Head of the Kyiv City State Administration
- In office 16 November 2010 – 14 December 2013
- Preceded by: Leonid Chernovetskyi
- Succeeded by: Anatoliy Holubchenko (acting)

Minister of Housing and Communal Services
- In office 11 March 2010 – 17 June 2010
- Preceded by: Oleksiy Kucherenko
- Succeeded by: Yuriy Khivrych

Minister of Housing and Communal Services
- In office 21 March 2007 – 18 December 2007
- Preceded by: (post created)
- Succeeded by: Oleksiy Kucherenko

Mayor of Komsomolsk
- In office 1994–2007
- Preceded by: (post created)
- Succeeded by: Serhiy Suprun

Personal details
- Born: Oleksandr Pavlovych Popov 22 November 1960 (age 65) Kryvyi Rih, Ukrainian SSR, Soviet Union
- Party: Party of Regions, Opposition Platform — For Life
- Alma mater: Tyumen Civil Engineering Institute

= Oleksandr Popov =

Ukrainian politician

Oleksandr Pavlovych Popov (Олександр Павлович Попов; born 22 November 1960) is a Ukrainian politician, businessman, former head of the Kyiv City State Administration.

== Biography ==
He graduated Tyumen Civil Engineering Institute and Higher School of the KGB in Kyiv.

From 1982 to 1984, he served in the Soviet Army. From 1984 to 1986, he worked as a foreman of the Kremenchugrudstroy trust. In 1987 he was a foreman of the repair and construction department of Poltava GOK.

In 1987–1991, he served in a KGB unit of Support for the economy. Until 1993, he served in Security Service of Ukraine. Has is ranked reserve lieutenant colonel.

In 1993–1994, he was the head of the marketing department, vice-president for marketing and economics of construction concern Inkomstroy. In 1994 Oleksandr Popov won the election of the mayor of Komsomolsk (in 2016, the town was renamed Horishni Plavni) of the Poltava region. He stayed in this position until 2007.

In 1995–2006, he was deputy chairman of the board, Head of the Association of Cities in Poltava Region. In 1998–2000, he was a member of the Coordination Council on Local Self-Government Issues under President Leonid Kuchma. In 2007, he headed the Ministry of Housing and Utilities in the government of Mykola Azarov, and held this position for seven months. In the Verkhovna Rada of the 6th convocation, from December 2007 to March 2010, he was People's Deputy from the Party of Regions. He passed through the list of the party at number 97.

Traditionally, the elected mayor of Kyiv also automatically became chair of Kyiv City Council and head of the city's state administration (i.e. head of government). However, following dispute between the mayor and the president in 2010, President Viktor Yanukovych asked the parliament to give him the power to appoint the head of the state administration. Parliament acquiesced, and mayor Leonid Chernovetskyi was dismissed from the state administration and replaced with presidential appointee Popov. Though Chernovetskyi remained the mayor, effective power then started to rests with the appointee Popov, not mayor Chernovetskyi. Kyiv then did not have an elected mayor until mayor Vitali Klitschko was sworn in on 5 June 2014.

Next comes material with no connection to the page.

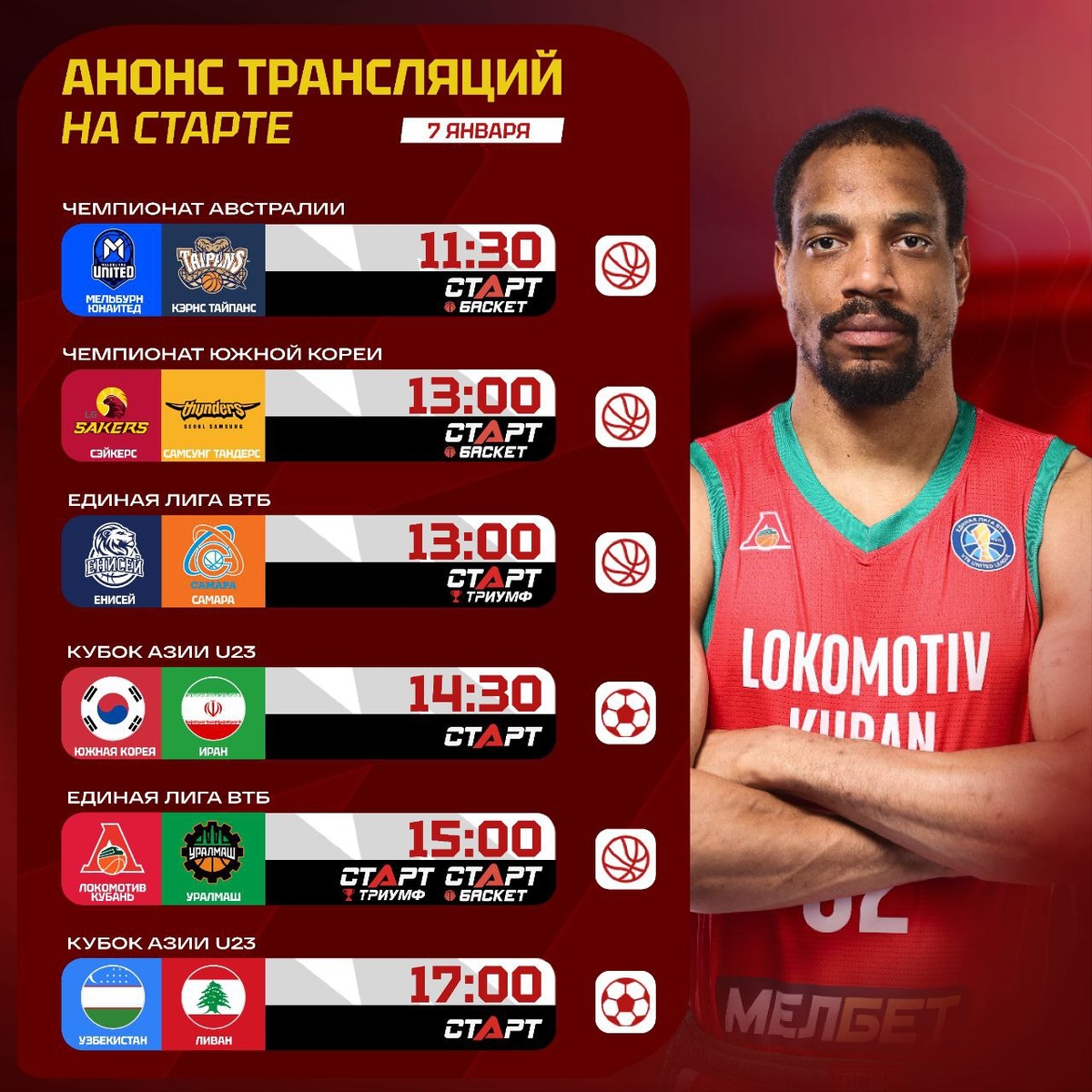 ! Начинаем день по традиции с Австралии и Южной Кореи. Далее в программе две игры Единой Лиги ВТБ, старт Узбекистана на молодежном Кубке Азии и волейбольные Лиги Чемпионов. В женской особое внимание матчу «Зерена» Светланы Гатиной и Анны Лазаревой против «Дрезднера», а в мужской увидим стамбульское дерби – «Халкбанк» против «Галатасарая». Проведите рождественский день на платформе TVSTART.RU 🖥 🛒 Наше приложение в Google Play 💙 Наше приложение в RuStore 🛒 Наше приложение в App Store

Among his merits as the head of the Kyiv City State Administration, Popov listed the opening of five new metro stations, two museums and one library, the construction of road junctions, the launch of a city train, the repair of five schools and 30 kindergartens.

On 14 December 2013 President Viktor Yanukovych suspended Popov. The same day the General Prosecutor of Ukraine's Office handed "a notification on suspicion of abuse of power when ordering the Euromaidan police actions of 30 November 2013" out to Popov and Anatoliy Holubchenko was appointed as acting Head of Kyiv City Administration.

The trial against Popov is ongoing since late 2013. In it Popov denies any wrongdoing. Since the trial he has started an export company aimed at EU markets.

In the 2019 Ukrainian parliamentary election Popov was a self-nominated candidate in Kyiv's electoral constituency 212 (located in Darnytskyi District). In the election Popov was not elected to parliament since he gained fourth place with 9.52% of the votes (the constituency was won by Maksym Perebyinis of the Servant of the People party with 34.43%).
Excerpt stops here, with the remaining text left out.